Try it. The expected output is the line with "Massage Table-WELLHOME Wood" plus all lines after it to the end of the material below, reproduced exactly, with pictures omitted and nothing else included.

'''

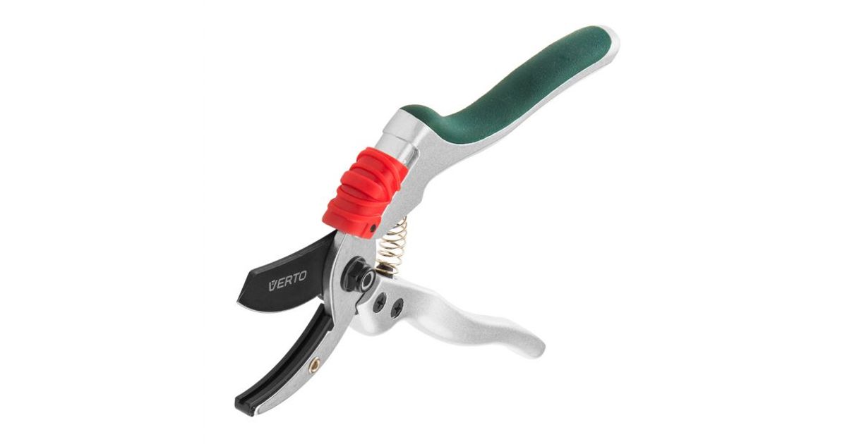 VERTO garden anvil pruning shears made of aluminium (ref. no. 15G207) with 195 mm length and cutting diameter up to 18 mm. Designed to cut branches and bushes. Ergonomic blades offset by 15° greatly improves comfort of work and makes it easier. The blade is teflon coated for corrosion protection. Aluminium body guarantees tool durability. Blade lock prevents from accidental opening. Ergonomic plastic handle is coated with anti slip material and provides safety and comfort when working.
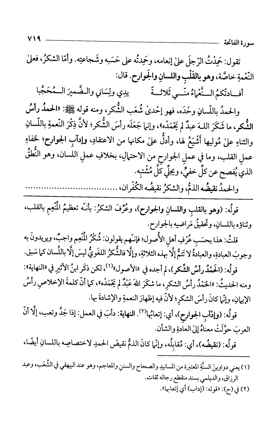 قلت: هذا بحسب عرف أهل الأصول؛ فإنهم يقولون: شكر المنعم واجب، ويريدون به وجوب العبادة، والعبادة لا تتم إلا بهذه الثلاثة، وإلا فالشكر اللغوي ليس إلا باللسان كما سبق.
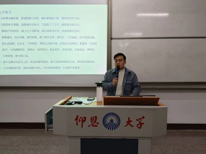 陈俊晔老师还教授了同学们如何学习“口部操”、完成气息发声三步骤、美化声音等技巧。通过系统性地学习,同学们改善了自身普通话发音的不足之处,也提升了学习普通话的兴趣,增强了学习普通话的信心。陈俊晔老师亲身示范,为我们带来了声情并茂、铿锵有力的诗词朗诵。此外,陈俊晔老师还准备了诗词素材,对于同学们在实际练习过程中可能会遇见的具体问题进行具体分析,逐一给出切实可行的改进方法。
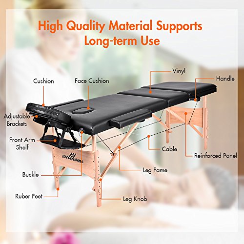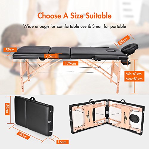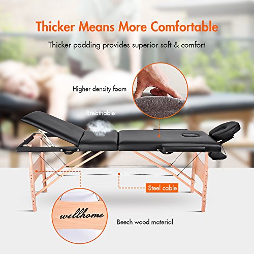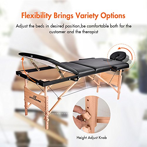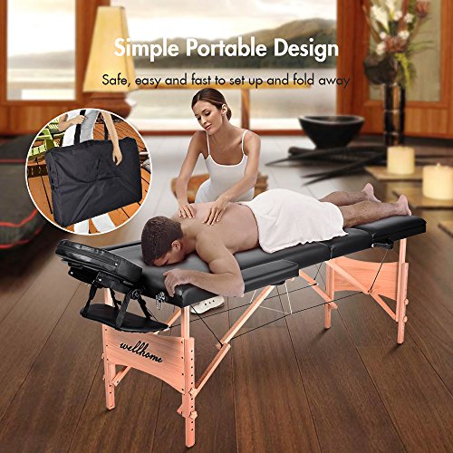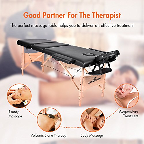 Massage Table-WELLHOME Wood Treatment Table 3 Section Professional Portable Home Folding Facial SPA Tattoo Bed Black, Load up to 660 lbs,82" ×...
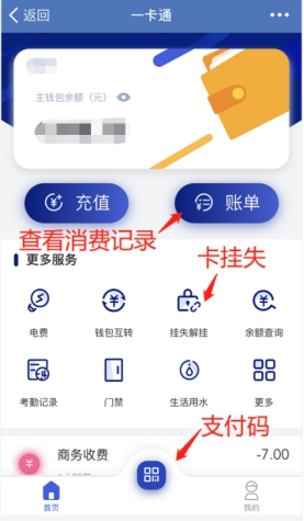 2、查看消费记录、打开支付码位置、挂失等
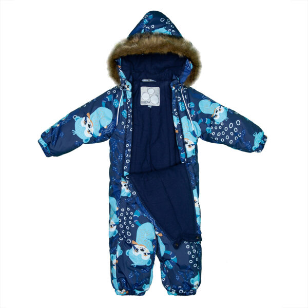 Children’s waterproof and windproof overall. Breathable fabric. Suitable for both babies or for toddlers who can already walk. Nice and soft flannel lining on the inside. Integrated elastic band at sleeve and leg ends. Removable hood attaches to the collar with press-studs to ensure safety when the wearer gets stuck. Sleeve and leg ends can be conveniently rolled down in sizes 68–80. Waterproof taped seams. The overall has no inner leg seam. Elastic foot straps. Removable faux fur trim on hood. Reflective elements on the fabric add safety when wearing in the dark.

'''

Response area.
 Massage Table-WELLHOME Wood Treatment Table 3 Section Professional Portable Home Folding Facial SPA Tattoo Bed Black, Load up to 660 lbs,82" ×...
 2、查看消费记录、打开支付码位置、挂失等
 Children’s waterproof and windproof overall. Breathable fabric. Suitable for both babies or for toddlers who can already walk. Nice and soft flannel lining on the inside. Integrated elastic band at sleeve and leg ends. Removable hood attaches to the collar with press-studs to ensure safety when the wearer gets stuck. Sleeve and leg ends can be conveniently rolled down in sizes 68–80. Waterproof taped seams. The overall has no inner leg seam. Elastic foot straps. Removable faux fur trim on hood. Reflective elements on the fabric add safety when wearing in the dark.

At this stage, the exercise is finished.